CUT TO: EXTERIOR: MS of a sullen BOBO handcuffed and being led to police van. He glowers at camera. Prisoner he is handcuffed to winks at camera.

 

CUT TO: INTERIOR: STEVE's BEDROOM. He is lying on his bed, eyes open but not seeing anything. We hear first the doorbell ring and then his mother calling him, but he doesn't react.

 

CUT TO: MRS. HARMON, who wipes her hands on a towel and heads toward door. She stops and looks through peephole. CU on her face. There is a worried look as she opens the door.

 

MRS. HARMON

 

(Calls to him.)
Steven?

 

STEVE

 

Yeah?
(He comes out and sees DETECTIVES WILLIAMS and KARYL.)

 

WILLIAMS

 

We need you to come down to the precinct with us. Just a few questions.

 

STEVE

 

Me? About what?

 

WILLIAMS

 

Some clown said you were involved with that drugstore stickup just before Christmas. You know the one I mean?

 

STEVE

 

Yeah, but what do I have to do with it?

 

WILLIAMS (as they handcuff Steve)

 

You know Bobo Evans?

 

MRS. HARMON (mildly panicked)

 

Why are you handcuffing my son if you just want to ask him a few questions?
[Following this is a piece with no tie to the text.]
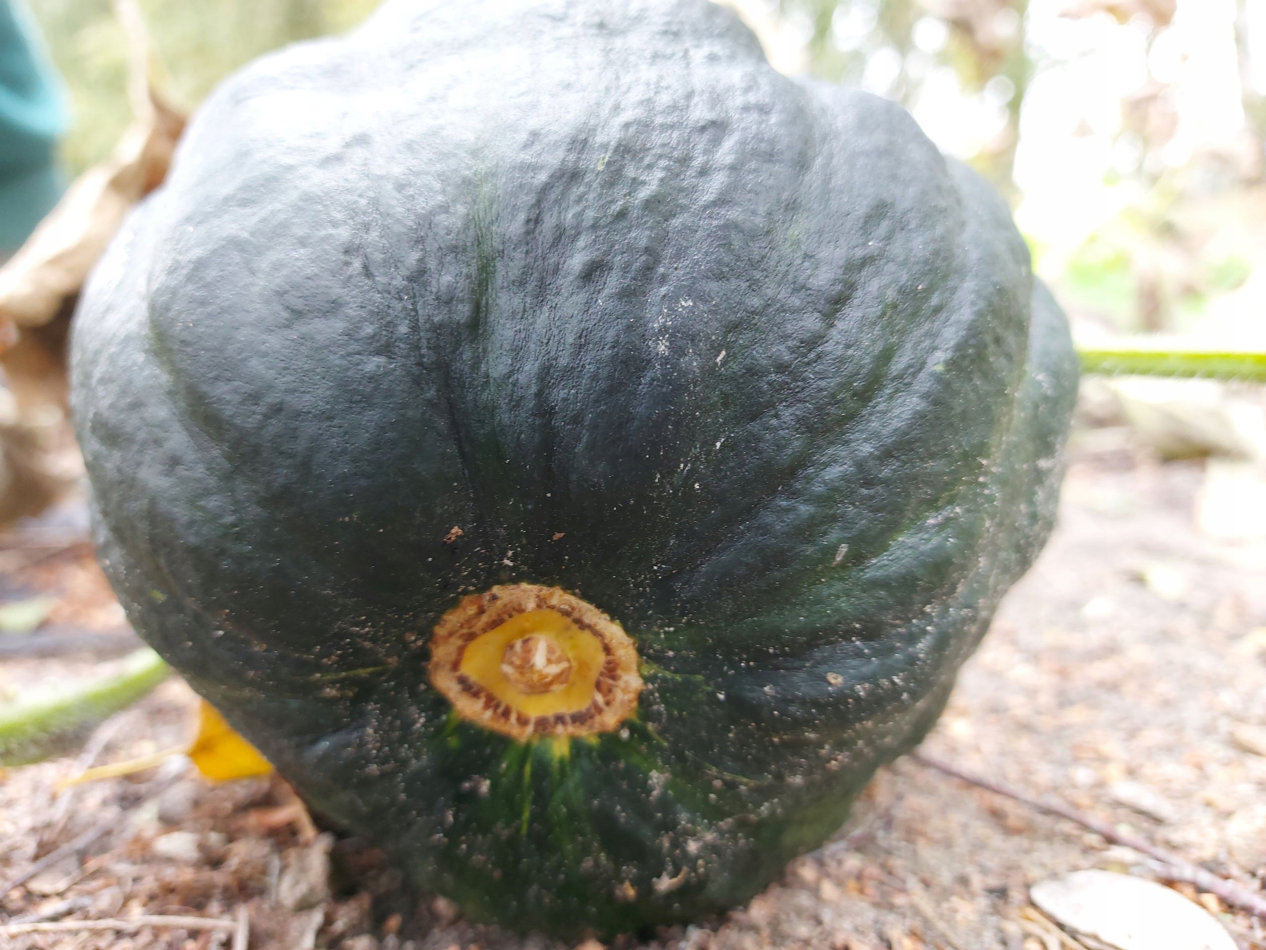 Черные традиционные тыквы Семена Кожа имеет глубокий темно -зеленый цвет, когда она молода, постепенно проходя в , блестящий черный и Terracotta , когда она созревает.

I don't understand.

 

WILLIAMS

 

Ma'am, it's just routine. Don't worry about it.

 

MRS. HARMON

 

What do you mean don't worry about it, when you're handcuffing my son?
(There is panic in her eyes as she looks at STEVE, who looks away.)
What do you
mean
don't worry about it? I'm coming with you! You're not just snatching my son off like he's some kind of criminal. Wait till I get my coat. Just wait a minute! Just wait a minute!

 

CUT TO: JERRY standing in doorway, holding comics. He looks from MOTHER to STEVE. He reaches out toward his brother as the detectives hustle the handcuffed teenager out the door.

 

CUT TO: MS of STEVE sitting in back of patrol car.

 

CUT TO: Two OLD MEN in front of John-John's Bar-B-Q looking at the scene as the car drives off.

 

CUT TO: LS of block engaged in normal activity.
THEN: MRS. HARMON rushes from house, looks desperately around, and moves quickly down the street. She gets almost to the corner, then stops, realizing she doesn't know where STEVE is being taken.